Reviews
of "Beautiful"
"Almost 40 now, Ms. Cho was less strident, less out to shock for the sake of it, and more outwardly happy than in the past....She was most at home when engaging the body, especially from the angle of identity politics...Ms. Cho seemed more comfortable in her skin than ever."
Dallas Morning News
"Some of the biggest laughs were unprintably raunchy (but none the less hysterical)."
Star-Telegram
Cho laid her dirty comedy on thick at the Orpheum Saturday night, and the near-capacity crowd ate it up. Cho was larger than life on the video screen above her - all the better to see her masterful facial expressions. She can contort her eyes, her mouth, even her nose into the funniest positions, whether she's imitating her mother imitating Julia Child or reenacting her horrified self..."
The Boston Globe
"...her latest tour, Beautiful, which on April 4 saw Cho return to the more honest and personal material that marked her earlier years....Cho seems to have re-embraced the best of what made her big in the first place."
Eye Weekly
"The sex-capade, and a subsequent tangent on pop culture divas...went over well with the packed audience, who was hooting and hollering its collective approval. Her political jabs, peppered throughout the show, were among her best and the show one of her consistently funniest."
Bay Windows
"Of course, it wasn't her beauty or lessons of being beautiful that captured the audience's attention of a nearly sold-out theater. It was her comical anecdotes on political issues such as Iraq, sex scandals, prostitution and immigration that induced the entire laugh-filled evening."
The Rebel Yell
"In a way, Beautiful is a return to I'm the One That I Want,
the hit 1999 tour that marked her comeback from the failure of her sitcom,
All-American Girl.....She
made me uncomfortable, but she also got my attention. That's why Margaret
Cho is so necessary. The sharpest comedy shows you the boundaries of your
own tolerance, and pushes them.
After Ellen
Reviews of "The Sensuous Woman"
"While Cho’s ostensible message is a celebration of difference, you don’t feel hit over the head with this lesson—diversity is simply on display. “Funny” is the bottom line.

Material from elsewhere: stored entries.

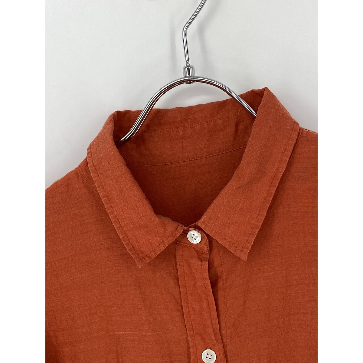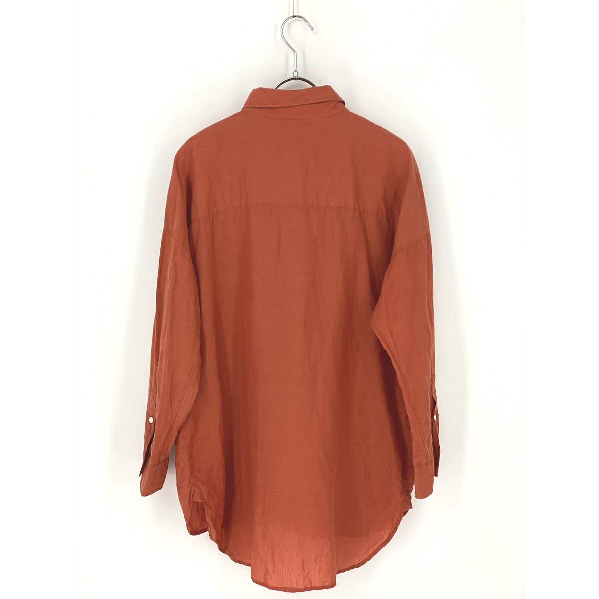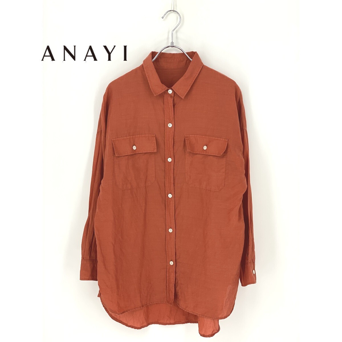 B0381/極美品 ANAYI アナイ リネン 長袖 オーバーサイズ ロング ドレス カッター Yシャツ ブラウス FREE オレンジ レディース チュニック
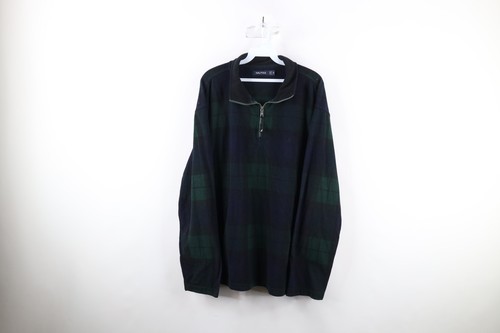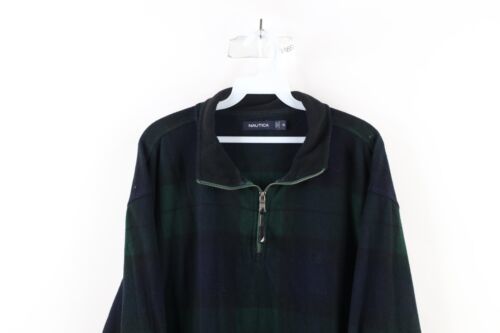 Vintage 90s Nautica Mens Size XL Faded Half Zip Fleece Pullover Sweater Plaid
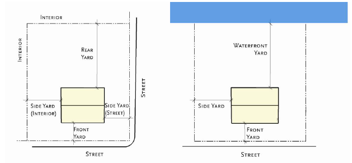 There are five types of yards - front, side (street), side (interior), rear, and waterfront yard.
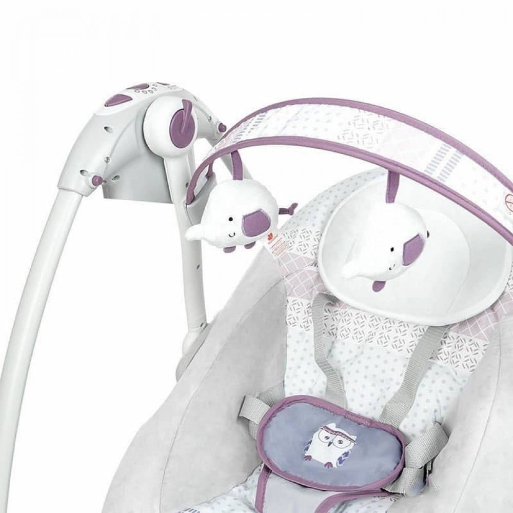 - بالإضافة إلى ذلك ، تم تجهيز أرجوحة الاطفال بقوس مزين بدميتين محشوة ناعمة .

There’s scarcely an act that isn’t as laugh-provoking as it is outré."
Timeout New York
"Margaret Cho’s burlesque-cum-variety act is worth every hoot and catcall, not only for her zinger-filled standup, but for the freewheeling sexual demagoguery of the whole enterprise."
NY Press
"Cho sparkles when she's alone on stage, providing her typically fierce observations about celebrities (Britney Spears gets a thumping), gay men and her own sex life. She looks more at home here than she ever has on stage..."

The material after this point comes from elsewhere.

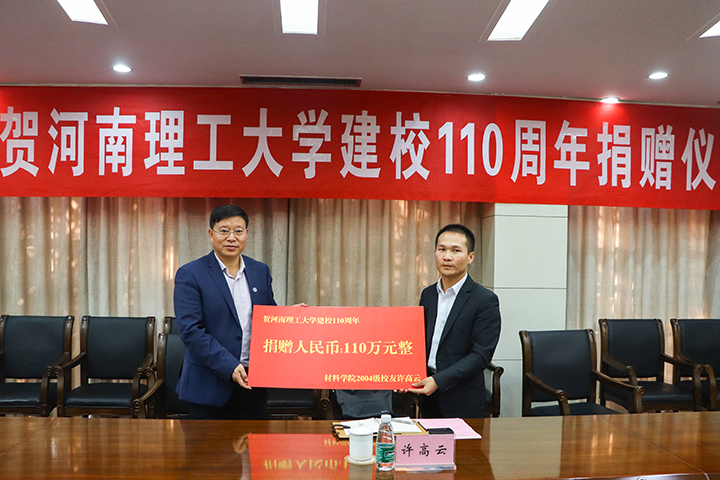 金秋十月,在偉大祖國慶祝建國70周年華誕之際,河南理工大學(xué)迎來了建校110周年慶典,一大批優(yōu)秀的校友們紛紛回校表示對母校的祝賀和感恩。鴻華科技有限公司總經(jīng)理許高云先生回到母校參加了一些列校慶活動,并向母校捐獻110萬元設(shè)立研究生獎學(xué)金;同時鴻華科技有限公司在河南理工大學(xué)材料科學(xué)與工程學(xué)院校友會成立大會上被推選為河南理工大學(xué)材料科學(xué)與工程學(xué)院校友會理事單位。

International Herald Tribune (AP)
"Ms. Cho has become a beloved figure in the gay world for her down-and-dirty comic style, and her resplendently nasty opening monologue will not disappoint fans."
New York Times
"Cho stars in several of the more risqué segments, as well as regaling the crowd with hilarious, politically inflected stand-up that promotes the idea that bodies of all shapes and sizes are beautiful."
Theater Mania
"Giddy, gaudy and quite gay, this raunchy variety show sparkles whenever headliner Margaret Cho is front and center, alternating her standup gab with outre versions of classic striptease routines."
Variety
"When Cho flashes that sunny grin after a self-abasing joke about oral sex, say, it plays as an ironic gloss, a feint to smooth over any awkwardness, which somehow only makes it funnier."
Newsday
"Unashamed, unabashed, and most importantly undieted, she uses her dance to once and for all assume public control over the image that once cost her both her health and her mid-1990s sitcom All American Girl, and one can’t help but be inspired by the personal liberty she’s developed and displays so willingly."